[Dataset]

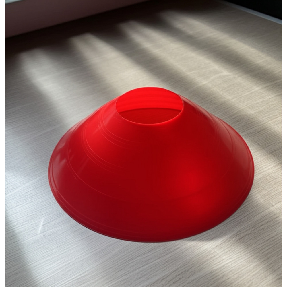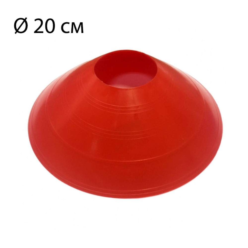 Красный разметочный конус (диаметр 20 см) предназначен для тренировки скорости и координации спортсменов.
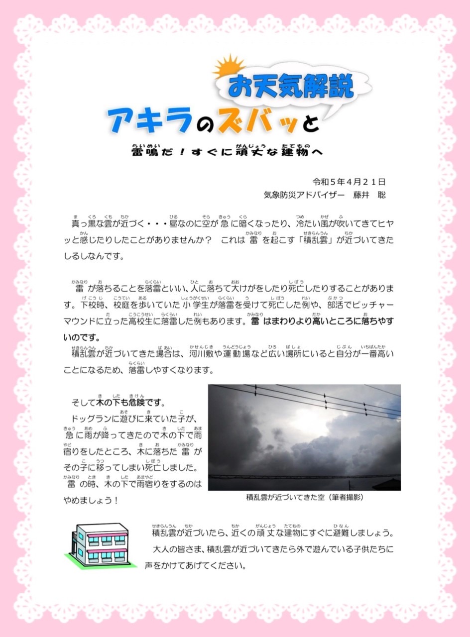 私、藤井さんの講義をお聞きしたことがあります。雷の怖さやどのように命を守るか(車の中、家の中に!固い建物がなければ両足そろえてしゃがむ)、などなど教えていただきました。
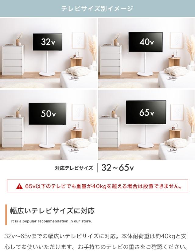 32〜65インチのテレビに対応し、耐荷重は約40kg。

[/Dataset]
[Dataset]

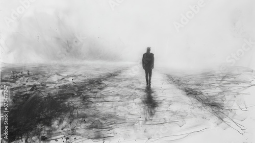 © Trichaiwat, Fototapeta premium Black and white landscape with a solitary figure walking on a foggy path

[/Dataset]
[Dataset]

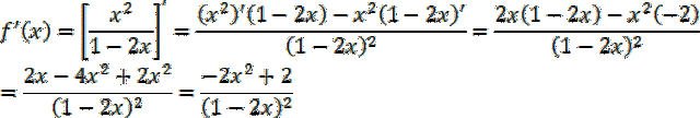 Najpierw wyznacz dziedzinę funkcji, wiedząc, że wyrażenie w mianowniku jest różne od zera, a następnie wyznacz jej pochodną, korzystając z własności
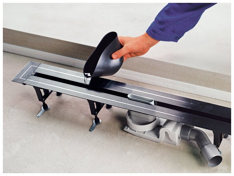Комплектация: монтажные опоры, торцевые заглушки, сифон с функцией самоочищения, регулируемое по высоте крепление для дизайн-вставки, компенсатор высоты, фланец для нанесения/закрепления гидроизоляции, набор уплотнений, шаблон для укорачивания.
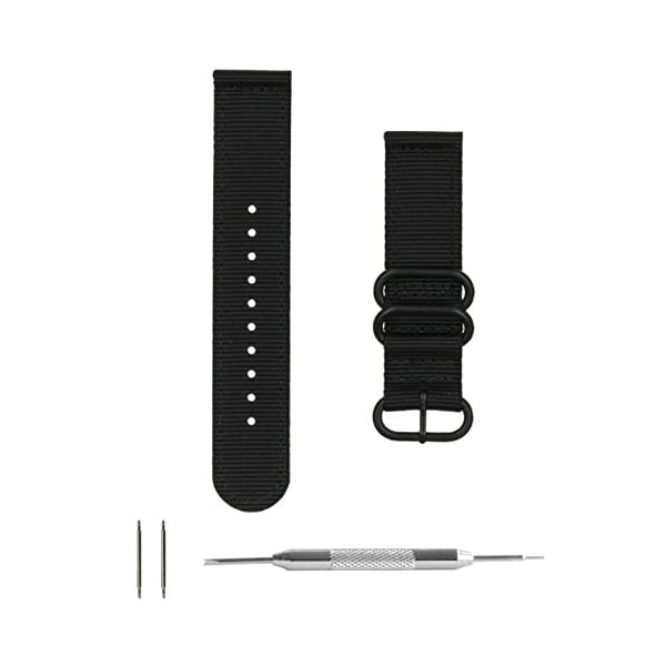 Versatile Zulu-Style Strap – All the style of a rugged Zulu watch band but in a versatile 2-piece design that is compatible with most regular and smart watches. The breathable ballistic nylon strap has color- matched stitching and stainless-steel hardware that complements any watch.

[/Dataset]

* [Required action]
Starting at the line containing "Najpierw wyznacz dziedzinę" and stopping at the line containing "Versatile Zulu-Style Strap", output every line above exactly, both ends included, with pictures omitted.

* [Worked solution]
 Najpierw wyznacz dziedzinę funkcji, wiedząc, że wyrażenie w mianowniku jest różne od zera, a następnie wyznacz jej pochodną, korzystając z własności
Комплектация: монтажные опоры, торцевые заглушки, сифон с функцией самоочищения, регулируемое по высоте крепление для дизайн-вставки, компенсатор высоты, фланец для нанесения/закрепления гидроизоляции, набор уплотнений, шаблон для укорачивания.
 Versatile Zulu-Style Strap – All the style of a rugged Zulu watch band but in a versatile 2-piece design that is compatible with most regular and smart watches. The breathable ballistic nylon strap has color- matched stitching and stainless-steel hardware that complements any watch.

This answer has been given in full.